XVII. A TANGLED STORY 215
XVIII. GIPSY AT LARGE 226
XIX. THE UNITED GUILD FESTIVAL 241
Illustrations
Page
A SUCCESSFUL CLIMB _Frontispiece_ 177
THE LOWER SCHOOL FIND A LEADER 50
"GIPSY GENERALLY RESPONDED WITH SPIRIT" 118
AN INTERVIEW WITH MISS POPPLETON 188
"HE PAUSED AND PEERED AT GIPSY" 230
THE LEADER OF THE LOWER SCHOOL
CHAPTER I
Gipsy Arrives
ONE dank, wet, clammy afternoon at the beginning of October half a dozen
of the boarders at Briarcroft Hall stood at the Juniors' sitting-room
window, watching the umbrellas of the day girls disappear through the
side gate. It had been drizzling since dinner-time, and the prospect
outside was not a remarkably exhilarating one. The yellow leaves of the
oak tree dripped slow tears on to the flagged walk, as if weeping
beforehand for their own speedy demise; the little classical statue on
the fountain looked a decidedly watery goddess, the sodden flowers had
trailed their heads in the soil, and a small rivulet was running down
the steps of the summer house. As the last two umbrellas, after a brief
and exciting struggle for precedence, passed through the portal and the
gate was shut with a slam, Lennie Chapman turned to her companions and
heaved a tragic sigh.
"Isn't it withering?" she remarked. "And just on the very afternoon when
we'd made up our minds to decide the tennis championship, and secured
all the courts for the Lower School. I do call it the most wretched
luck! I'm a blighted blossom!"
"We'll never persuade the Seniors to give us all the courts again!"

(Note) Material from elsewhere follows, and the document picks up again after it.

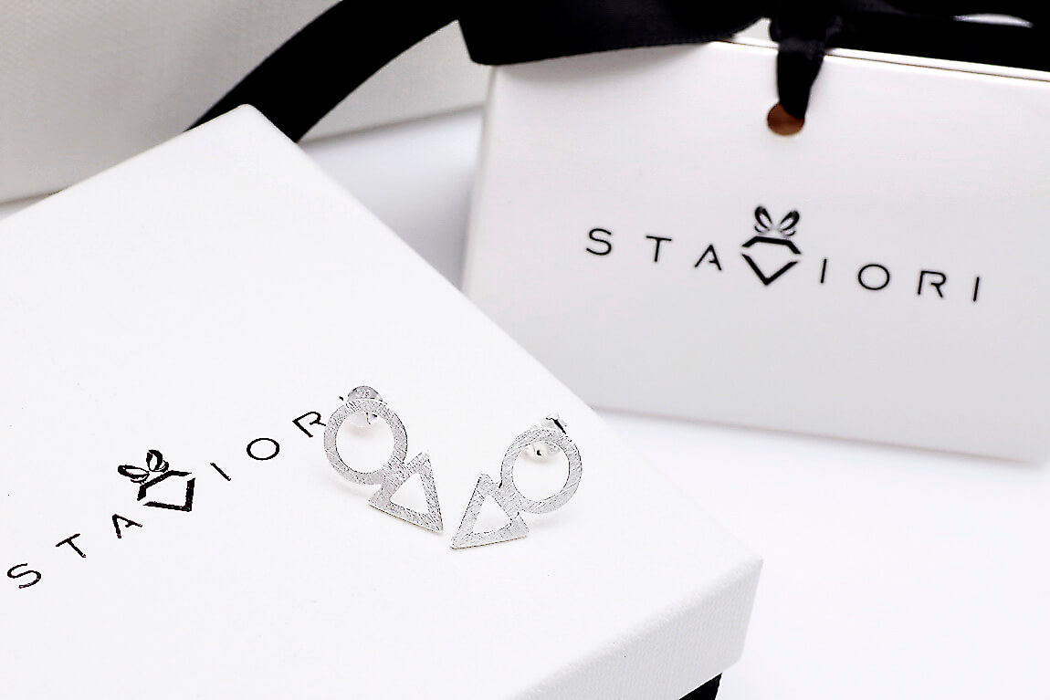 Staviori Naušnice. Stříbro 0,925. Délka 17 mm. Tyto odvážné nervózní stylu náušnice nabídne trvalé odvolání. Jejich trojúhelník a kruh střih kartáčované stříbrný design je nastavena na wow s jednoduchými liniemi, ale módní odvolání.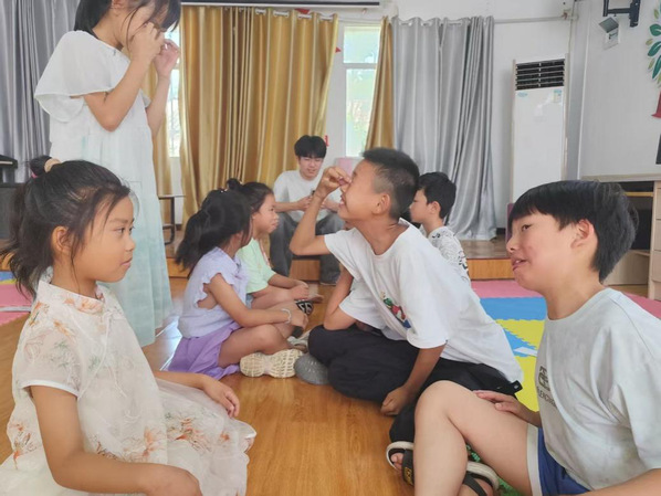 在扎实的卫生知识学习之后,活动还穿插了轻松的阅读时光和益智娱乐环节,帮助孩子们劳逸结合。后续的礼仪修养课程,志愿者通过情景模拟等方式引导孩子们学习日常礼貌规范。其中,“面对面憋笑大挑战”游戏有效活跃了气氛,增进了互动。

wailed Fiona Campbell. "They said so emphatically that it was only to be
for this once."
"I believe they knew it was going to be wet!" growled Dilys Fenton.
"You don't think if it cleared a little we might manage just a set
before tea?" suggested Norah Bell half hopefully.

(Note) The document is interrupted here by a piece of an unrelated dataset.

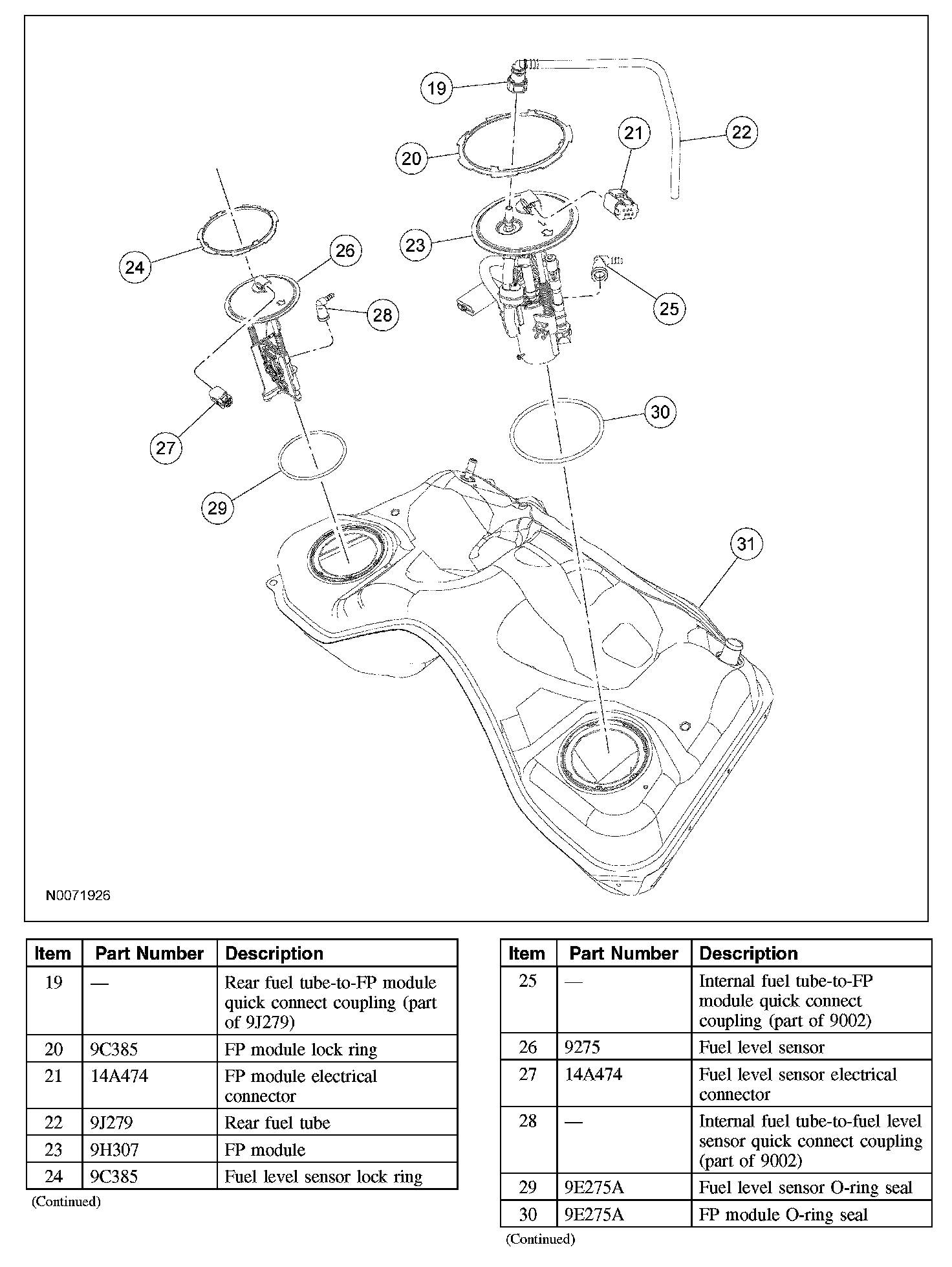 9. CAUTION: The fuel pump (FP) module must be handled carefully to avoid damage to the float arm.

"My good girl, please to look at the lawn! Do you think anyone in her
senses would try to play on a swamp like that?"
"It's getting too late in the year for tennis," yawned Hetty Hancock.
"Don't believe we shall get another game at all. We'd better resign
ourselves."
"Resign ourselves to what?" asked Daisy Scatcherd.